# "RDMC" New Uber rider app feature (Robotic Driver Mind Control)



## hanging in there (Oct 1, 2014)

The last few days in particular I have noticed some Uber drivers pulling some stunts that just are completely unbelievable, just so totally ridiculous and stupid that it is hard to fathom that these drivers even have a brain. Stunts such as stopping on a super busy street with tons of fast-moving cars behind them, putting on their hazard lights and loading pax RIGHT IN THE RIGHT HAND LANE, not even at a curb or a bus lane or anything, but just totally blocking fast-moving traffic on a busy street. As if putting on your hazard lights makes it OK to just randomly decide to stop anywhere.

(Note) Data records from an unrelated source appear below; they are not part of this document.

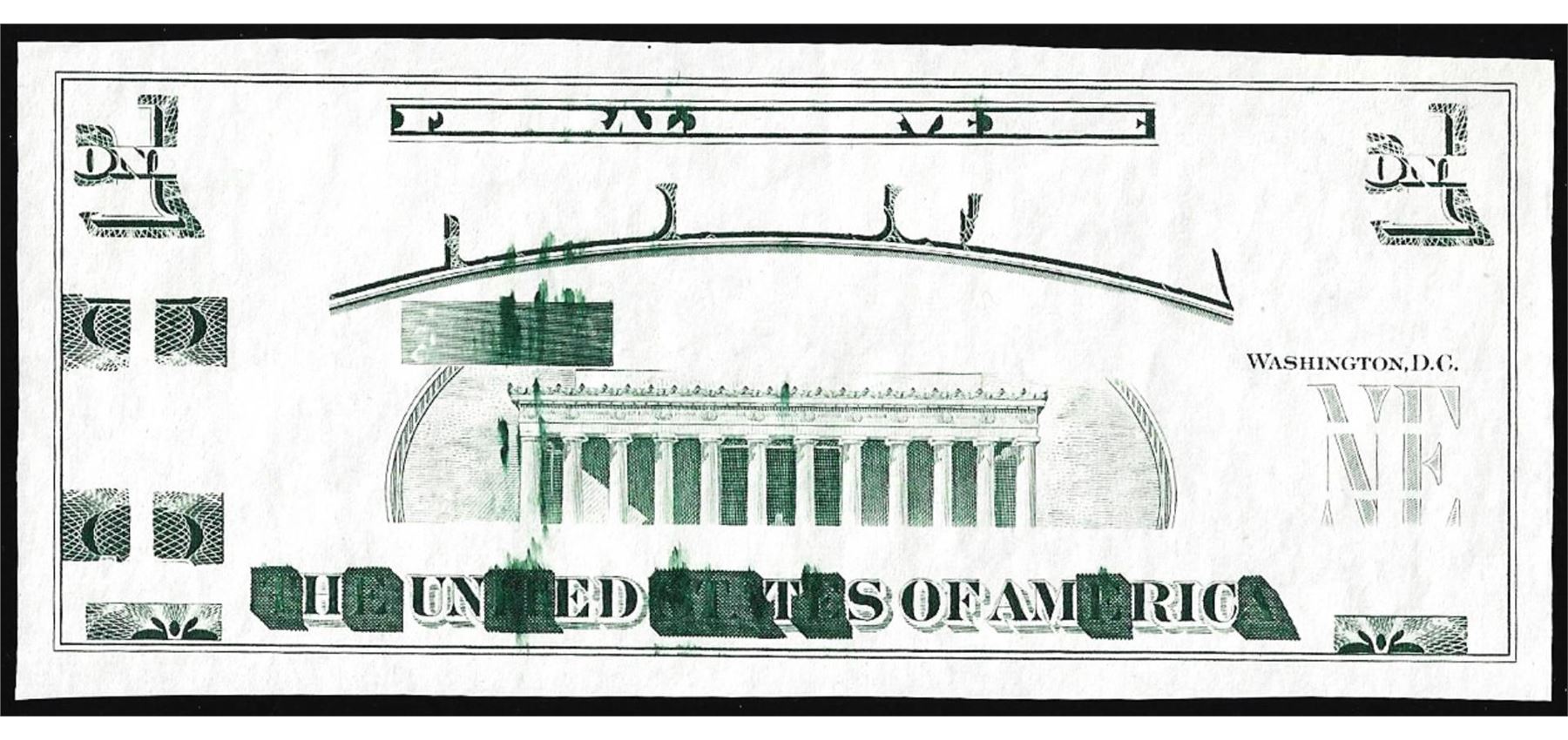 One Circa 1970's Lincoln Memorial Giori Test Ink Smear Error Note.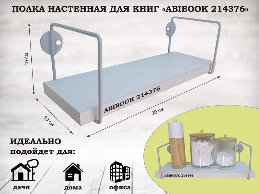В корзину Купить в 1 клик Полка настенная для сувениров 10x 30 см белый шагрень ABIBOOK-214376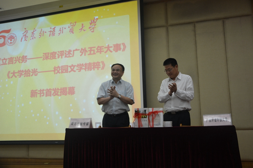 首发式上,党委宣传部部长胡文涛简要介绍了《立言兴务——深度评述广外五年大事》和《大学拾光——校园文学精粹》两书的基本内容。广东人民出版社社长曾莹对丛书首发致贺词,她表示两册图书意义非凡,传播了正能量,是广外精神的集中体现。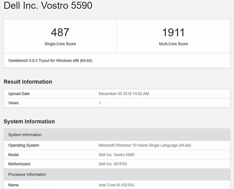 Để đánh giá cấu hình và hiệu năng của Dell Vostro 5590 Core i5, mình đã sử dụng phần mềm Geekbench 5 và đo điểm trung bình. Khi chạy CPU, chúng ta sẽ nhận được điểm đơn lõi là 487 điểm, ở đa lõi thì đạt 1.911 điểm.

News flash: the only person that might be prevented from rear-ending you is the person behind you that sees the flashers, all the cars behind him or her DO NOT see your flashers and are much more likely to rear-end ALL OF YOU in a chain reaction collision. Can ANYONE really be that stupid and/or desperate for a fare that they think "Well, that's where the pin-drop is, and I see my pax standing there (in a ridiculous spot for loading), and they will get pissed and give me a low rating if I pass them up and park in a safer loading spot, so...."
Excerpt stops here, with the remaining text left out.